U.S. Supreme Court decisions shape health policy in important ways. The nomination of Judge Amy Coney Barrett, if confirmed, is expected to establish a solid 6:3 conservative majority that could affect case outcomes in several areas. This issue brief considers the potential implications of a reconfigured Court for health policy issues, including those already on the Court’s docket for the coming term and those that the Court may choose to consider in this term or in the future:
The future of the ACA: The Court will decide California v. Texas, a case that could determine whether the entire Affordable Care Act can continue, with significant implications for the U.S. health care system and virtually every American. Oral argument is scheduled for November 10, 2020.
Cases requesting Supreme Court review:
- Abortion: The Court may decide to consider one or more cases that could overturn the precedent of Roe v. Wade, alter the standard to evaluate whether abortion regulations are constitutional, or decide that abortion providers cannot sue to challenge abortion regulations.
- Title X: The Court is likely to want to resolve conflicting appeals court decisions about whether the Trump Administration Title X Federal Family Planning regulations that prohibit federal funding to clinics that offer or refer for abortion are permissible under federal law.
- Medicaid enrollees’ free choice of provider: The Court will decide whether to hear a case about whether Medicaid enrollees can sue to challenge a state’s refusal to allow Planned Parenthood to offer Medicaid services if that provider also separately offers abortion services (which are not covered by Medicaid). Federal appeals courts are split on this issue. The case has implications for enrollees’ ability to bring lawsuits challenging state violations of federal Medicaid law as well as enrollees’ free access to providers.
- Medicaid work requirements: The Court will decide whether to hear cases about whether the HHS Secretary can approve Section 1115 waivers that condition Medicaid eligibility on meeting work and reporting requirements, which have led to over 18,000 people losing coverage in Arkansas.
Cases that could reach the Supreme Court:
- Payment of ACA cost-sharing reductions to insurers: The Court could be asked to hear cases brought by Marketplace insurers seeking unpaid cost-sharing reductions (CSRs) from the Trump Administration.

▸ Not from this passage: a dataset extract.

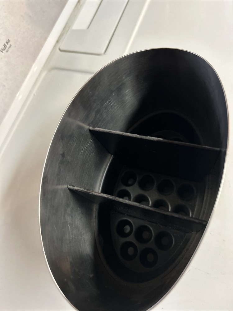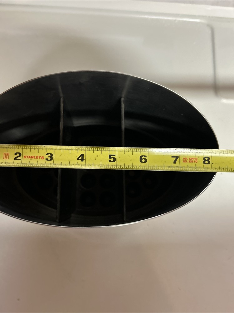 Keep your kitchen utensils organized and easily accessible with the OXO Good Grips Stainless Steel Steel Square Utensil Holder Center Divider. This medium-sized holder is designed with a center divider and oval shape, making it perfect for storing a variety of utensils. The durable and sturdy stainless steel material ensures that your utensils will be safe and secure while also adding a touch of elegance to your kitchen decor. The OXO Good Grips Utensil Holder is designed with a removable bottom, making it easy to clean and maintain. Its features include stainless steel construction, a center divider, and a durable and sturdy design. This utensil holder is perfect for those who want to keep their kitchen neat and organized while also adding a touch of style to their dining table. Excellent used condition

Restoring CSR payments could lower Marketplace premiums and federal costs and improve affordability for individuals who do not qualify for Marketplace premium tax credits.
- Nondiscrimination in health coverage and care: The Court could be asked to review cases challenging the Trump Administration’s rollback of regulations implementing ACA Section 1557, which bans discrimination in health programs and activities that receive federal funding. Issues include whether discrimination based on gender identity is prohibited and the extent to which individuals and entities are exempt from discrimination claims based on religious freedom.
- Public charge rule: The Court could be asked to review cases challenging the Trump Administration’s regulations that prevent individuals from obtaining a green card or entering the U.S. if they are determined likely to use certain public programs, including Medicaid. The regulations are likely to lead to decreased participation in Medicaid by immigrant families and their primarily U.S. born children.
- Hospital price transparency rule: The Court could be asked to hear a challenge to the Trump Administration’s regulations requiring hospitals to disclose their negotiated rates with insurers. The Administration argues that the regulations could lead to lower costs for consumers. However, if the Supreme Court accepts the argument, supported by the Trump Administration, that the entire ACA is invalid, Congress will need to pass new legislation before any price transparency regulations could be adopted.